Document Generation MCP with AgentCore Runtime¶

AI-powered document generation for Amazon Quick Suite. Creates professional docx, pdf, pptx, xlsx, and HTML files using a Strands SDK agent with Claude Sonnet on Bedrock and AgentCore Code Interpreter.

What You Get With This Solution¶

A chat-to-document pipeline that produces real, downloadable files — not text you copy-paste and reformat.
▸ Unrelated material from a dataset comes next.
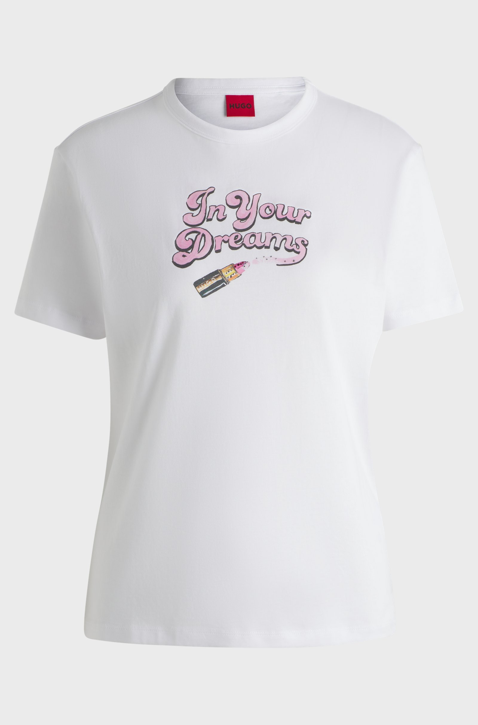 Available with different graphic prints, this regular fit HUGO Womenswear T-shirt is so easy to style. Soft cotton jersey for everyday comfort. This product’s raw material is derived from regenerative agriculture: an approach focused on preservation and restoration that aims to increase biodiversity, preserve water quality and improve soil health while absorbing CO2. Regenerative agriculture also promotes animal welfare and fair working conditions for farmers

The agent writes and executes Python code in a sandboxed Code Interpreter using real libraries (openpyxl, python-docx, reportlab, python-pptx), so the output includes:

Formatted Word documents with headings, tables, bullet points, and page numbers
Multi-sheet Excel workbooks with formulas, conditional formatting, and charts
PowerPoint decks with slide layouts, themes, and data visualizations
PDF reports with professional typography, headers, footers, and page breaks
Interactive HTML prototypes with CSS and working JavaScript

The output is a file you download with one click from the chat — ready to attach to an email or present in a meeting.

Sample Outputs¶

These were generated entirely by the agent from natural language prompts — no manual editing:

File	Prompt Summary
Employee_Performance_Tracking.xlsx	Employee performance spreadsheet with quarterly KPI scores, weighted averages, and distribution charts
Cloud_Migration_Business_Proposal.pdf	Cloud migration business proposal with executive summary, cost analysis, and timeline
AI_BackOffice_Automation_Pitch_Deck.pptx	AI back-office automation pitch deck with ROI projections and implementation roadmap
dataflow-landing-page.html	Product landing page with responsive layout, feature cards, and pricing tiers

What You Can Ask¶

Spreadsheets (xlsx):

"Build a project budget tracker spreadsheet with cost categories, monthly actuals vs. forecast, variance formulas, and a burn-down chart"
"Create an employee performance tracking spreadsheet with quarterly KPI scores, weighted averages, and distribution charts"
"Generate a sales pipeline spreadsheet with deal stages, win probability, weighted revenue, and a funnel chart"

Presentations (pptx):

"Create a 15-slide Q4 business review PowerPoint with revenue charts, regional breakdowns, and key metrics"
"Build an architecture decision record PowerPoint comparing 3 approaches with pros/cons tables and a recommendation slide"

Documents (docx):

"Write a technical design Word document for a microservices migration with architecture diagrams described in tables, risk matrix, and timeline"
"Generate an onboarding guide Word document with checklists, role-specific sections, and a 30-60-90 day plan table"

PDFs (pdf):

"Create a professional invoice PDF with line items, tax calculations, and company branding"
"Build a compliance audit report PDF with findings table, severity ratings, and remediation timeline"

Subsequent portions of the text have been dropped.